- [WORK TO COMPLETE]: Copy out all lines of the records in which the word "doesn" appears.

- [MATERIAL SHOWN]:
========

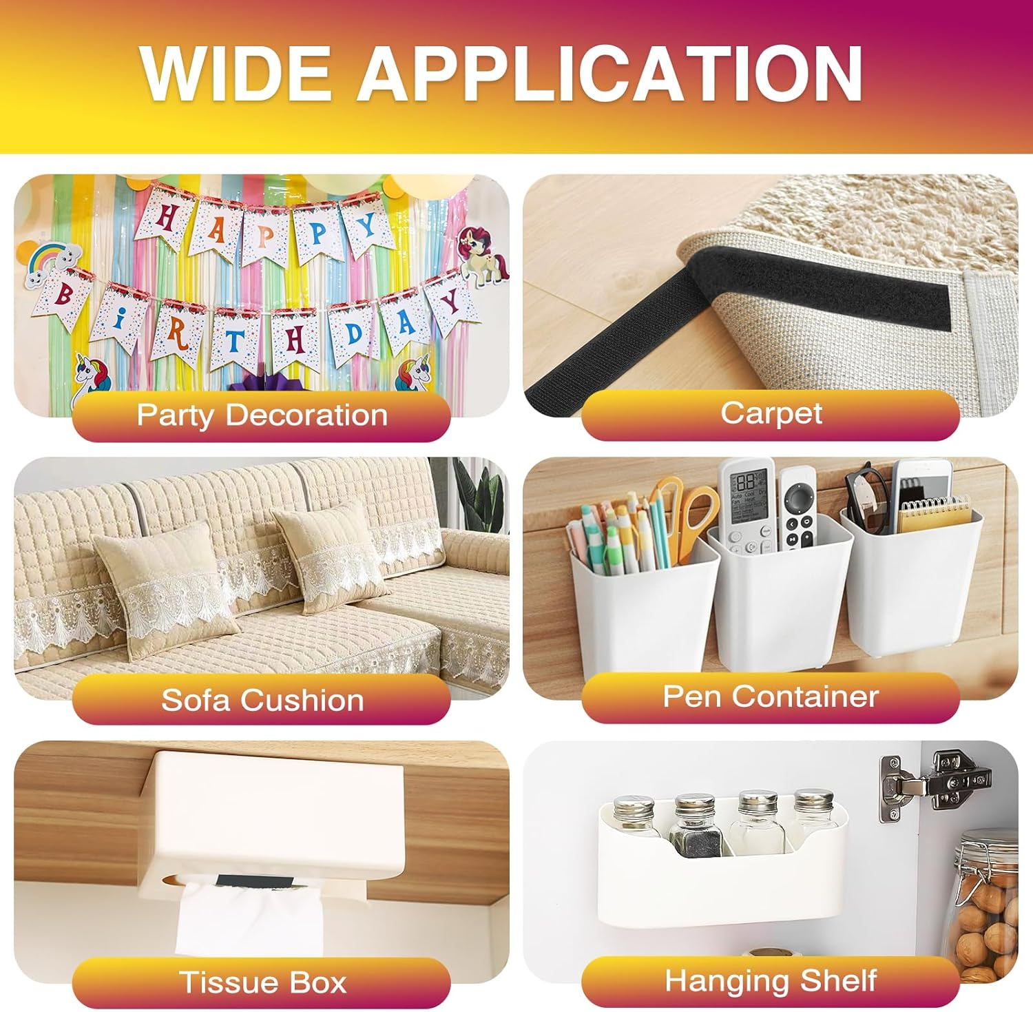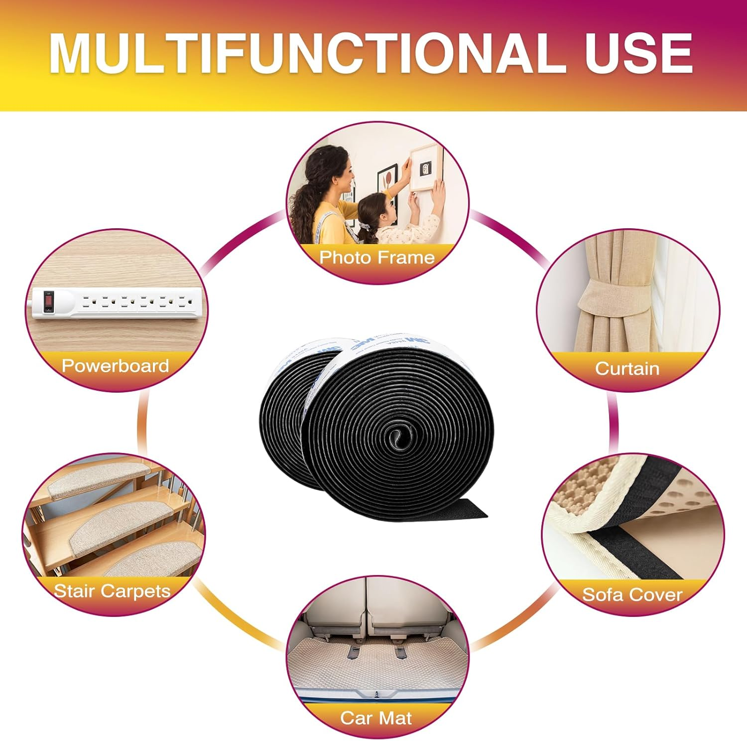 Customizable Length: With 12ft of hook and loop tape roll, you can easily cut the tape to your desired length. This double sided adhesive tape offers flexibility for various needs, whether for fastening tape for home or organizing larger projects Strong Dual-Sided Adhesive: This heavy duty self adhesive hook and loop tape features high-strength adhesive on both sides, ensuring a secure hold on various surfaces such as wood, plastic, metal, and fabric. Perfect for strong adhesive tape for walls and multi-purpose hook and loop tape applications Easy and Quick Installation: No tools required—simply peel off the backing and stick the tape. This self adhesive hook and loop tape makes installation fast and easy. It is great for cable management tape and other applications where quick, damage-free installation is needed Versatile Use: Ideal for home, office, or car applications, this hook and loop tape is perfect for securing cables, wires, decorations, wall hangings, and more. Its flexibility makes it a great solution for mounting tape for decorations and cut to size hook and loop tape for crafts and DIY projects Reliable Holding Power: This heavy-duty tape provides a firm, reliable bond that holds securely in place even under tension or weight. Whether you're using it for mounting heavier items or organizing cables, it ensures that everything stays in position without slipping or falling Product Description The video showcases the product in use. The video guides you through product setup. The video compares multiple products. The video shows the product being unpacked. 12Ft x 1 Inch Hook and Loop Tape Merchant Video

========

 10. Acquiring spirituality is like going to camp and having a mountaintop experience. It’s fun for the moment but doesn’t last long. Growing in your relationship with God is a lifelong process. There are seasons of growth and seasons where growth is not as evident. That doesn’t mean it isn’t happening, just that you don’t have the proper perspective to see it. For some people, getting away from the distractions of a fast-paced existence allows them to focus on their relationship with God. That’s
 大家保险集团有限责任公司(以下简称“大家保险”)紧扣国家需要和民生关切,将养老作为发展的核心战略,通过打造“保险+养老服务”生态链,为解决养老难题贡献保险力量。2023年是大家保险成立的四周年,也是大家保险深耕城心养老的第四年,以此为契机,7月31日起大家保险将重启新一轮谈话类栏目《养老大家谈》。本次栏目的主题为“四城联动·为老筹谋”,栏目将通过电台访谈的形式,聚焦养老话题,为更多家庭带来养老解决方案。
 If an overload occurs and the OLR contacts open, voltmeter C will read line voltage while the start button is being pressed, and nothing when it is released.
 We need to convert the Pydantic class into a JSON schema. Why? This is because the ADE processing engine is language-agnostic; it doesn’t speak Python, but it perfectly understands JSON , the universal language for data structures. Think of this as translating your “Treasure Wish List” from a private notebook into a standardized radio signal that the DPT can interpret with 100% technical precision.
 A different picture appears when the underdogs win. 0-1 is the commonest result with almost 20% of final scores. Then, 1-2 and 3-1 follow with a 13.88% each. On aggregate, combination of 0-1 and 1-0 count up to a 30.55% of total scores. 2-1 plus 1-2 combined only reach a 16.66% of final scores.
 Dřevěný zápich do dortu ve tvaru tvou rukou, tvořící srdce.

========

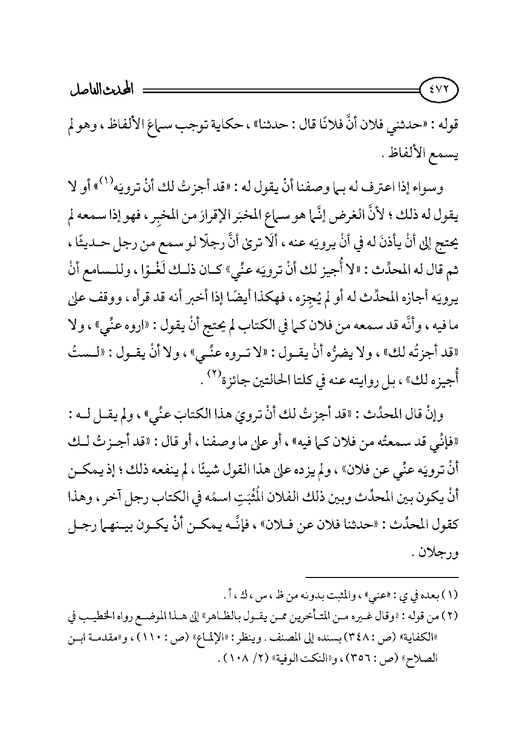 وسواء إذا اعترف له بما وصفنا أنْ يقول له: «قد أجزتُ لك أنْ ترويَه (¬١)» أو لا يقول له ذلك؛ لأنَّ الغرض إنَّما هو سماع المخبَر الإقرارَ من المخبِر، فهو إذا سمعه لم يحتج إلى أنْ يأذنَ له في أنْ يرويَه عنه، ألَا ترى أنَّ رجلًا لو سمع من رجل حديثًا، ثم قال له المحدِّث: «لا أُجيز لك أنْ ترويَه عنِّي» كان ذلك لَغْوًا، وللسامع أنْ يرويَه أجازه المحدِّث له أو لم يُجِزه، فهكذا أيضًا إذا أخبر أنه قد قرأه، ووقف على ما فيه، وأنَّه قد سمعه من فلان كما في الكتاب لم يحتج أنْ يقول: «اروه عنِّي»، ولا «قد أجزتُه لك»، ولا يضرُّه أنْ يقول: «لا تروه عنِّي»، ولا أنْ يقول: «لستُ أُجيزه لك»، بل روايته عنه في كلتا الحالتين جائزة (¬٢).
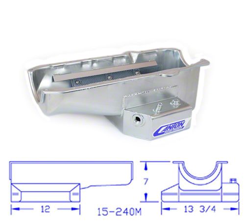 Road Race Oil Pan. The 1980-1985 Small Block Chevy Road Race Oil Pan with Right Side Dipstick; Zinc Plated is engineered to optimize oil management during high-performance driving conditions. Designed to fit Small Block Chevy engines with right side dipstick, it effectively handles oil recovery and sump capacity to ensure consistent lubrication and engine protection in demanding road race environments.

========

- [EXERCISE RESULT]:
 10. Acquiring spirituality is like going to camp and having a mountaintop experience. It’s fun for the moment but doesn’t last long. Growing in your relationship with God is a lifelong process. There are seasons of growth and seasons where growth is not as evident. That doesn’t mean it isn’t happening, just that you don’t have the proper perspective to see it. For some people, getting away from the distractions of a fast-paced existence allows them to focus on their relationship with God. That’s
 We need to convert the Pydantic class into a JSON schema. Why? This is because the ADE processing engine is language-agnostic; it doesn’t speak Python, but it perfectly understands JSON , the universal language for data structures. Think of this as translating your “Treasure Wish List” from a private notebook into a standardized radio signal that the DPT can interpret with 100% technical precision.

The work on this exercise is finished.